**Data shown:**
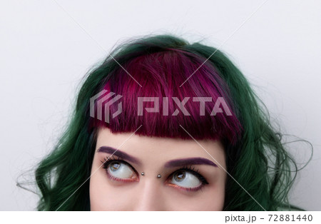 Beautiful woman with purple green professional colored hair
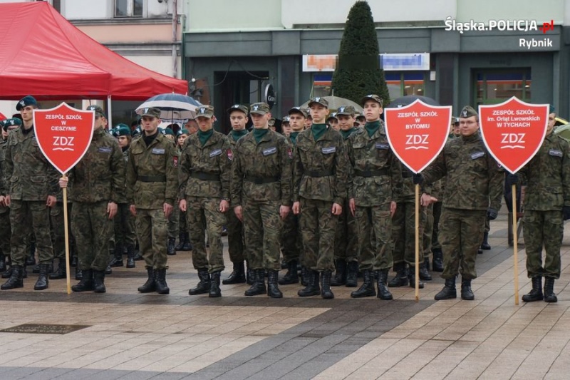 Trzystu uczniów klas pierwszych z wszystkich szkół mundurowych zrzeszonych w Zakładzie Doskonalenia Zawodowego w Katowicach, złożyło dziś uroczyste ślubowanie na rybnickim rynku. Wśród nich byli też młodzi mundurowi z Rybnika. W uroczystości udział wzięli przedstawiciele służb mundurowych, przedstawiciele lokalnych samorządów, oświaty oraz rodzice uczniów. Komendę Miejską Policji w Rybniku reprezentował szef rybnickich stróżów prawa – insp. Teofil Marcinkowski. Uroczystość została objęta Honorowym Patronatem Prezydenta Miasta Rybnika i organizowana była we współpracy z Urzędem Miasta Rybnik oraz Wojskową Komendą Uzupełnień w Rybniku.
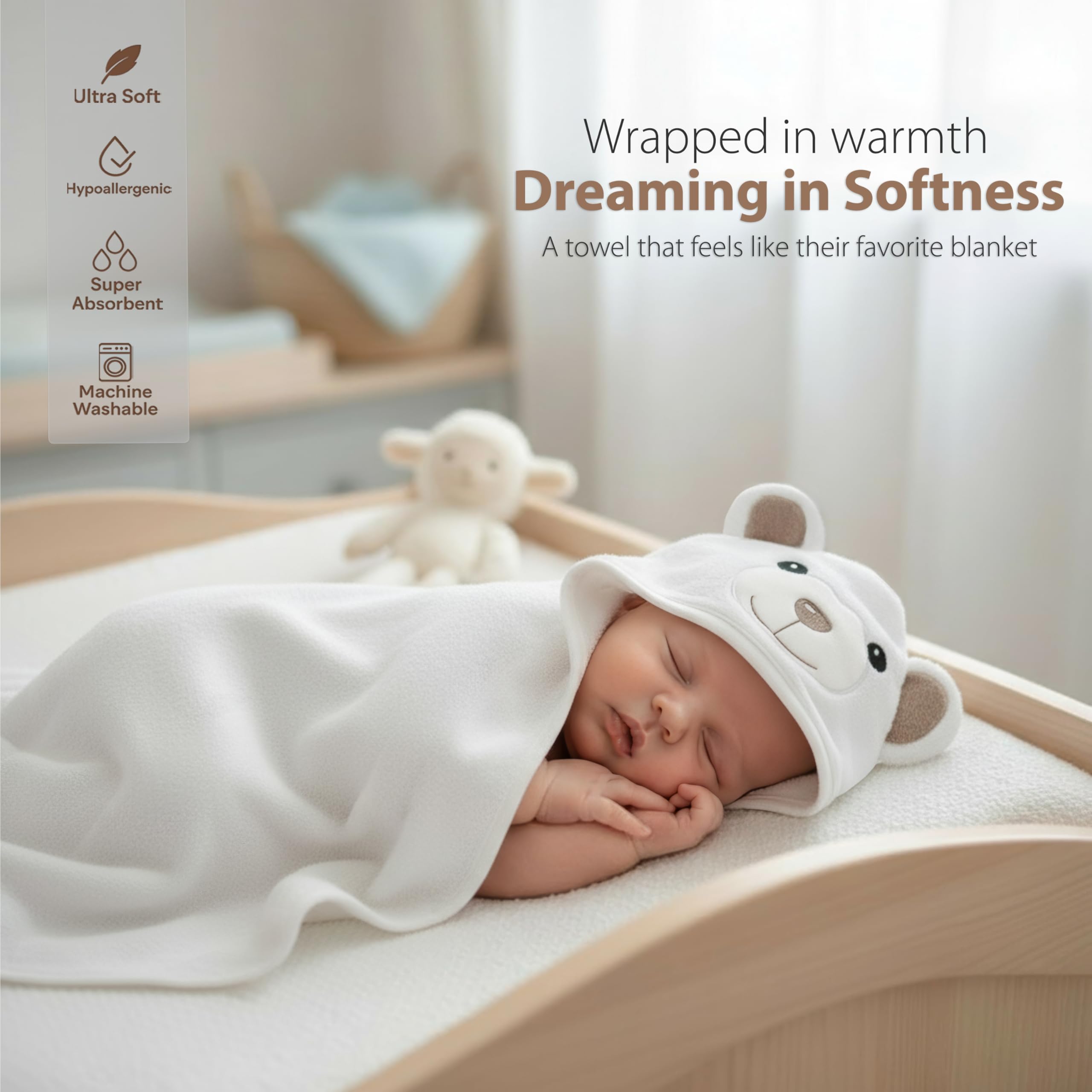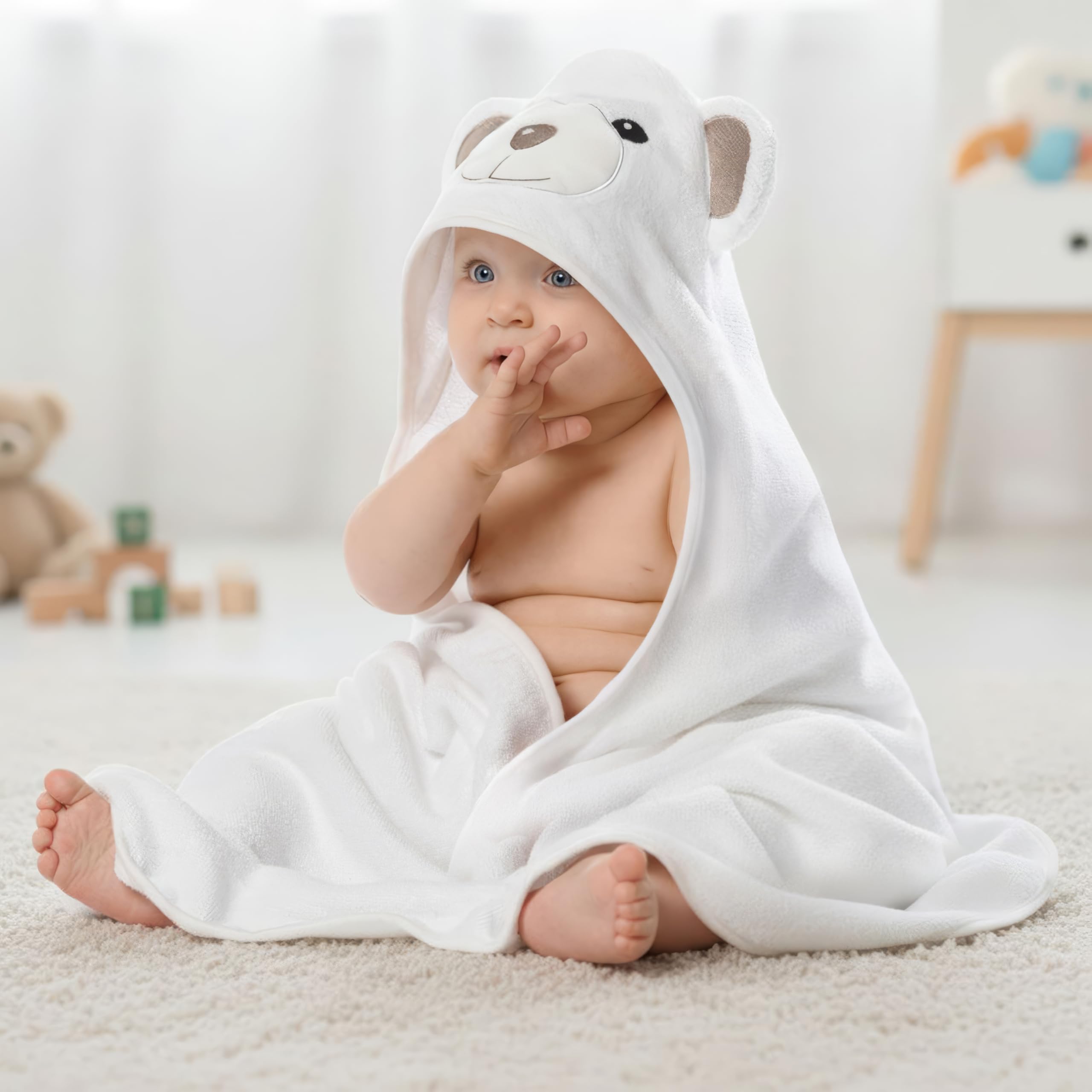 Perfect for Baby Gifts - Our bear design newborn towels make bath time extra special and photo-ready. Must have baby essentials for parents choosing thoughtful gifts like baby girl towels, boy towels, and infant towels.

**Work request:**
An exact restatement is expected of the lines from the line containing "Trzystu uczniów klas" to the end of the data above, pictures excluded.

**Exercise result:**
 Trzystu uczniów klas pierwszych z wszystkich szkół mundurowych zrzeszonych w Zakładzie Doskonalenia Zawodowego w Katowicach, złożyło dziś uroczyste ślubowanie na rybnickim rynku. Wśród nich byli też młodzi mundurowi z Rybnika. W uroczystości udział wzięli przedstawiciele służb mundurowych, przedstawiciele lokalnych samorządów, oświaty oraz rodzice uczniów. Komendę Miejską Policji w Rybniku reprezentował szef rybnickich stróżów prawa – insp. Teofil Marcinkowski. Uroczystość została objęta Honorowym Patronatem Prezydenta Miasta Rybnika i organizowana była we współpracy z Urzędem Miasta Rybnik oraz Wojskową Komendą Uzupełnień w Rybniku.
 Perfect for Baby Gifts - Our bear design newborn towels make bath time extra special and photo-ready. Must have baby essentials for parents choosing thoughtful gifts like baby girl towels, boy towels, and infant towels.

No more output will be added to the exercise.